* _Task objective_
Copy nothing but the text: repeat each entry exactly and drop the images.

%%

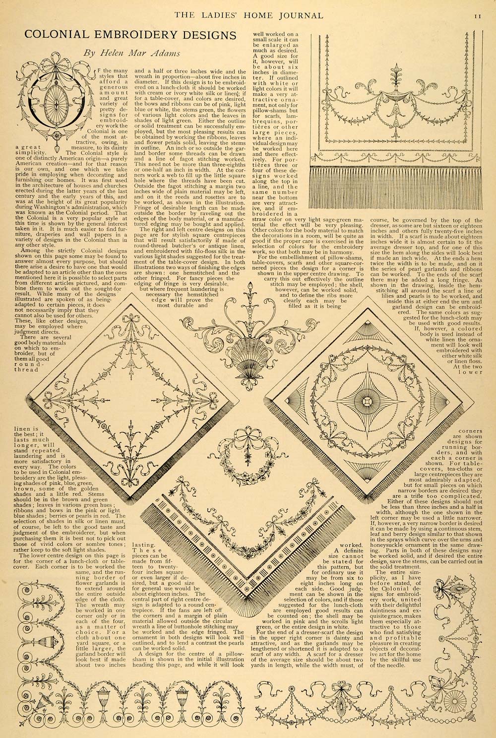 This is an original 1895 1 page article by Helen Mar Adams, featuring Colonial Embroidery Designs.
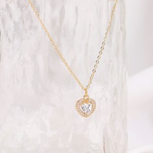Ατσάλινο Κολιέ Καρδιά με Ζιργκόν – Χρυσό
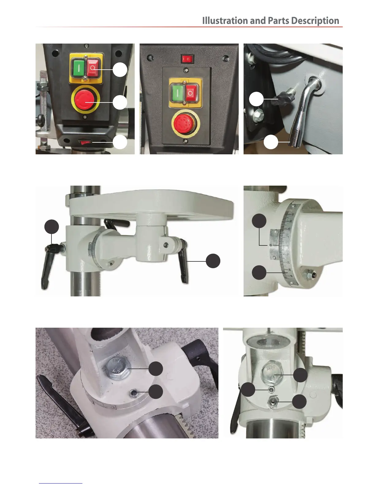 Table tilt clamping bolt (A), 90˚ degrees locking pin (B) ATDP20F Pillar drill table tilt assembly
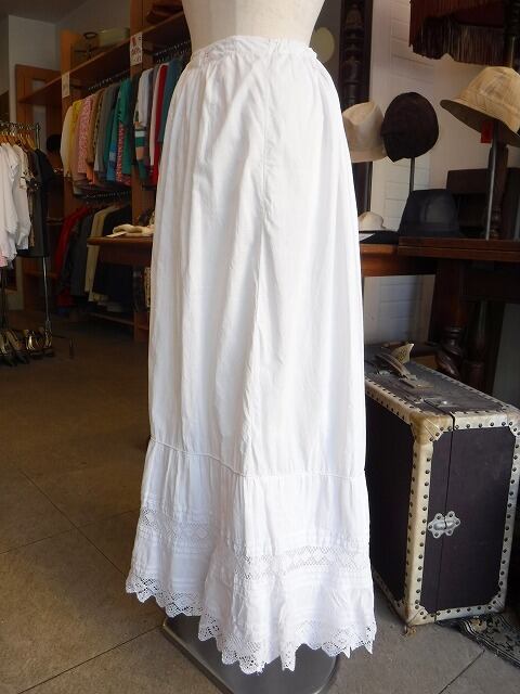 ヨーロッパ古着 white cotton red HV initials crochet lace ruffle hem long petit coat
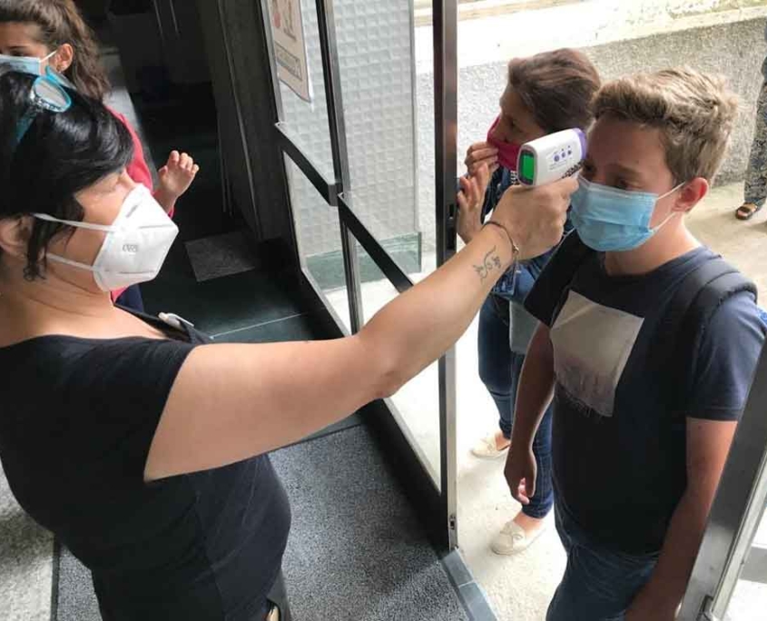 - Ogni famiglia è tenuta a misurare la temperatura corporea ai propri figli e a trattenerli presso l’abitazione se dovesse superare i 37,5°. A ulteriore tutela, all’ingresso a scuola, si rileverà la temperatura a tutte/i: di conseguenza, nel primo periodo non sarà consentito uscire dall’edificio durante lo svolgimento delle attività scolastiche.

%%

* _Task output_
 This is an original 1895 1 page article by Helen Mar Adams, featuring Colonial Embroidery Designs.
Ατσάλινο Κολιέ Καρδιά με Ζιργκόν – Χρυσό
 Table tilt clamping bolt (A), 90˚ degrees locking pin (B) ATDP20F Pillar drill table tilt assembly
 ヨーロッパ古着 white cotton red HV initials crochet lace ruffle hem long petit coat
 - Ogni famiglia è tenuta a misurare la temperatura corporea ai propri figli e a trattenerli presso l’abitazione se dovesse superare i 37,5°. A ulteriore tutela, all’ingresso a scuola, si rileverà la temperatura a tutte/i: di conseguenza, nel primo periodo non sarà consentito uscire dall’edificio durante lo svolgimento delle attività scolastiche.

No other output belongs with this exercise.